Similar to forearm pain above your elbows can become a weak point in performing vertical pulls for many of the same reasons – rapid overreaching before they are accustomed to the load, grip styles and widths and wrist flexion can all impact your elbow health as well so please read through the above tips & tricks to troubleshoot your specific issue.
I had a period of ‘’golfers elbow’ pain when I transitioned from high to low bar back squats. I found the solution in that particular situation for me was a very healthy dose of rest until the discomfort backed off completely followed a slow and steady build up of loading the squat again.

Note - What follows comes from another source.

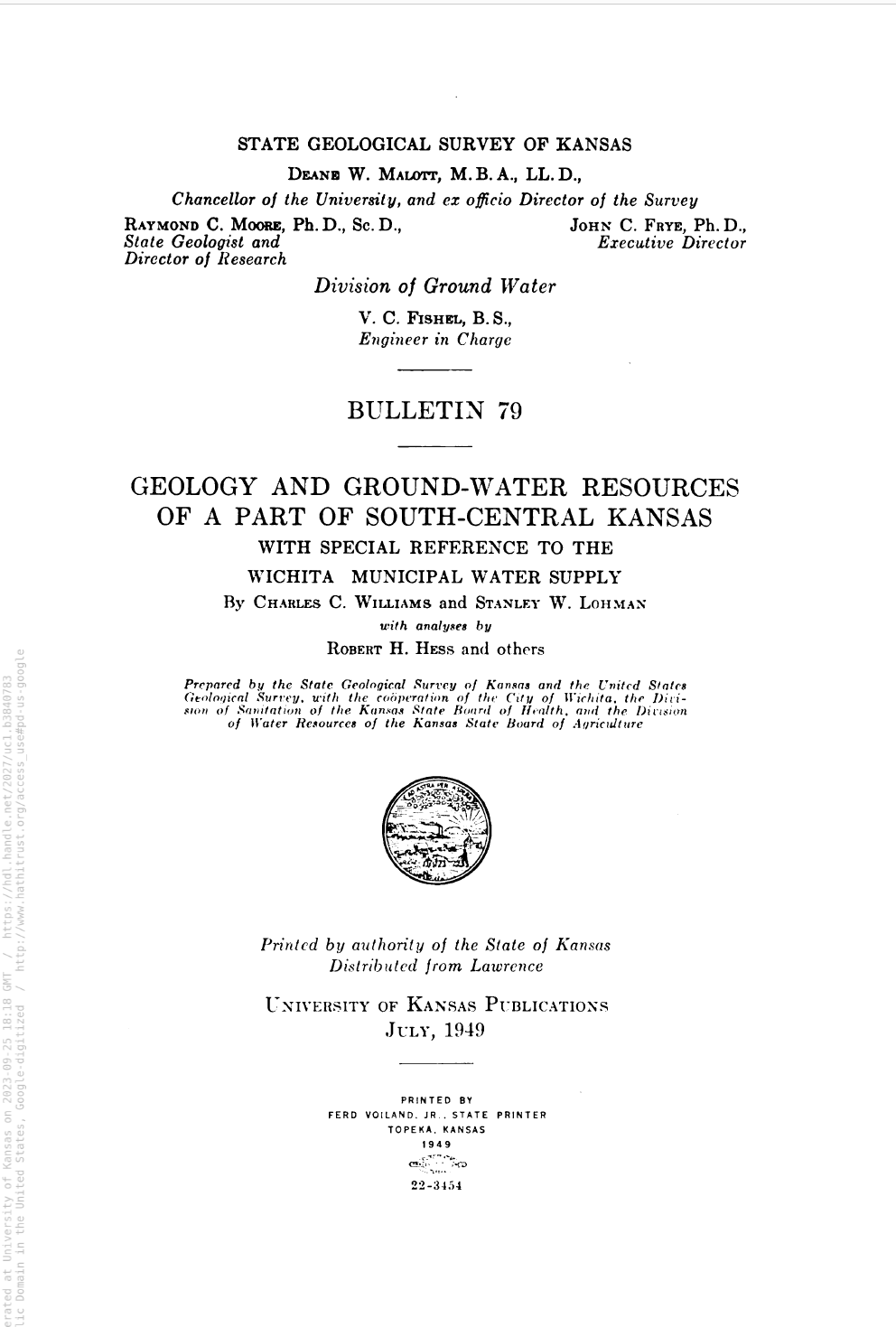 Bulletin 79: Geology and Ground-Water Resources of a Part of South-Central Kansas with Special Reference to the Wichita Municipal Water Supply

Remember that if discomfort or pain continues in your elbow then please consult a doctor to analyse for tendon or ligament damage who will be qualified to advise on your specific situation.
One of the key take aways for me with these injuries is REST. I always scale down the intensity of what I’m doing to immediately deload the area and then rehab it as required based on the situation and circumstances. Hopefully the above helps you with any chin up induced forearm pain – but please remember – I am not a doctor, this is not medical advice and is based on my own experience only! Consult your local doctor if unsure who can tailor their advice to suit your situation.